In his 2012 film A Separation, Asghar Farhadi created a gripping and deeply affecting study of how a family unit can disintegrate within Iran’s socially conservative culture. It won great acclaim for the realism and sensitivity it brought to bear on complex issues such as honour, familial responsibility and the moral requirements of religion. The Salesman revisits the same territory – completing a trilogy of films that examine the ethical and emotional strains of family life.
Emad (Shahab Hosseini) is a school teacher who enjoys an easy, winning relationship with his teenage pupils. They even like him enough to want to see the play he’s starring in, alongside his wife Rana (Taraneh Alidoosti), in his secondary career as an actor: The Death of a Salesman by Arthur Miller. When structural damage means Emad and Rana have to move out of their home, a fellow cast member helps them to find a temporary apartment, but neglects to tell them that the previous occupant was a sex worker who had issues with some of her clients.

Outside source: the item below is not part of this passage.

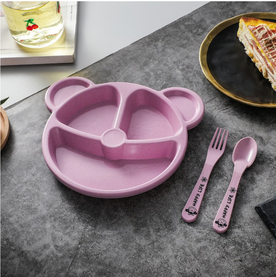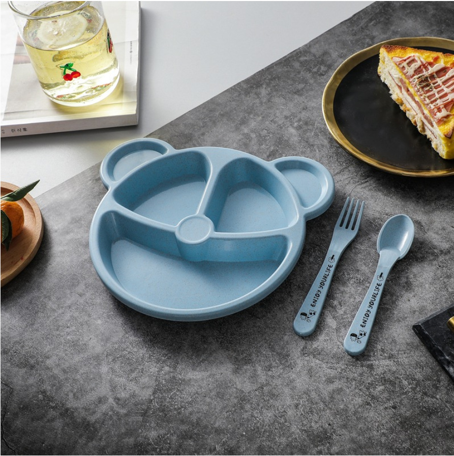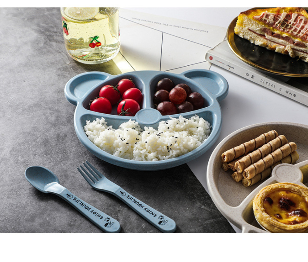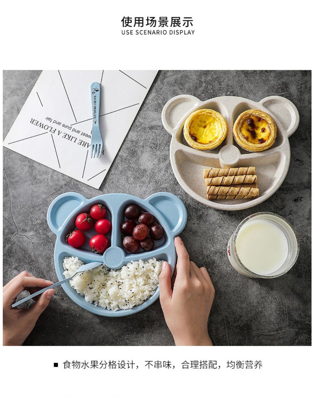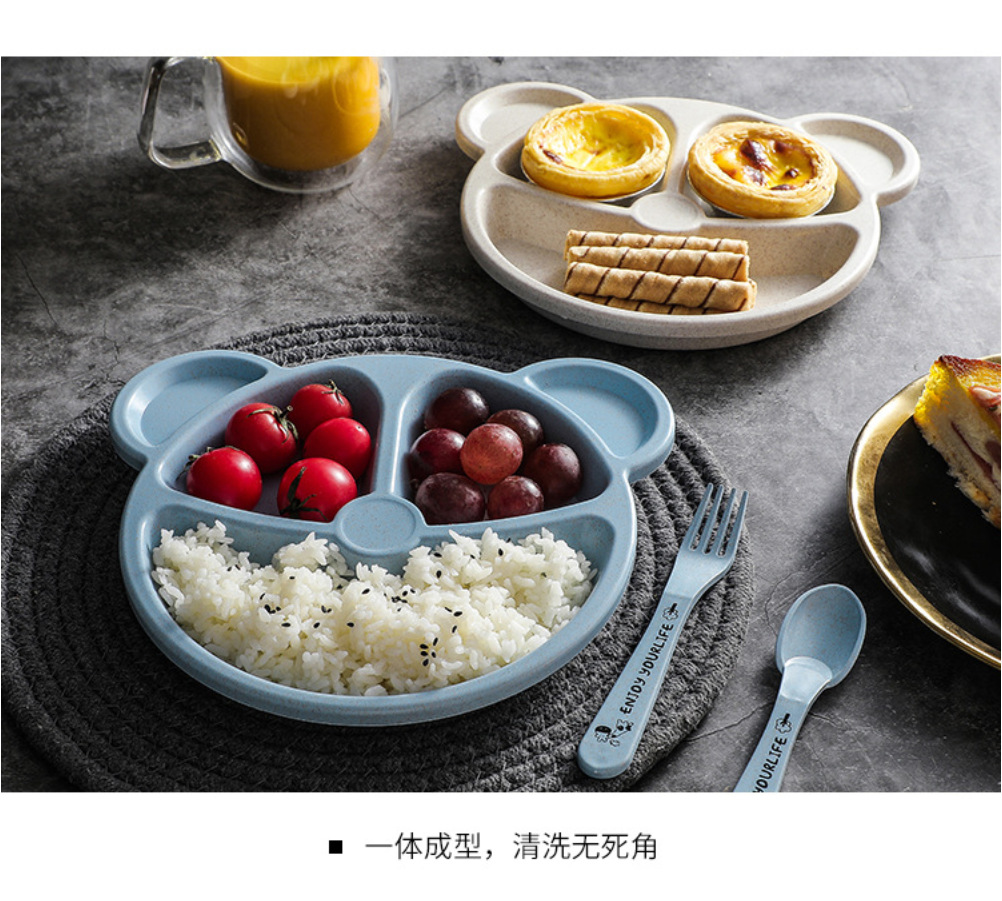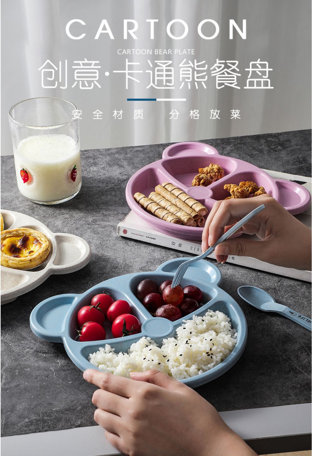 크리 에이 티브 만화 밀 구획 곰 어린이 접시 아기 구획 접시 아침 접시 포크 스푼 보완 식품 접시

These inauspicious circumstances set events into motion that put a considerable strain on Emad and Rana’s relationship, with their emotional struggles beginning to mirror some of the themes of the play they star in every night. The Salesman shows the same skilled direction and sense of psychological nuance that made A Separation such a significant global success.
It’s a tense and unpredictable drama only slightly let down by its play within a play contrivance occasionally feeling hackneyed (the ending too stumbles awkwardly between anti-climax and melodrama). The film doesn’t make antic hay with its meta-fictional leanings – it takes a soft and dignified approach, but one that reveals the director’s utmost respect for theatrical craft and makes sense of his talent for bringing together such a fine cast of actors.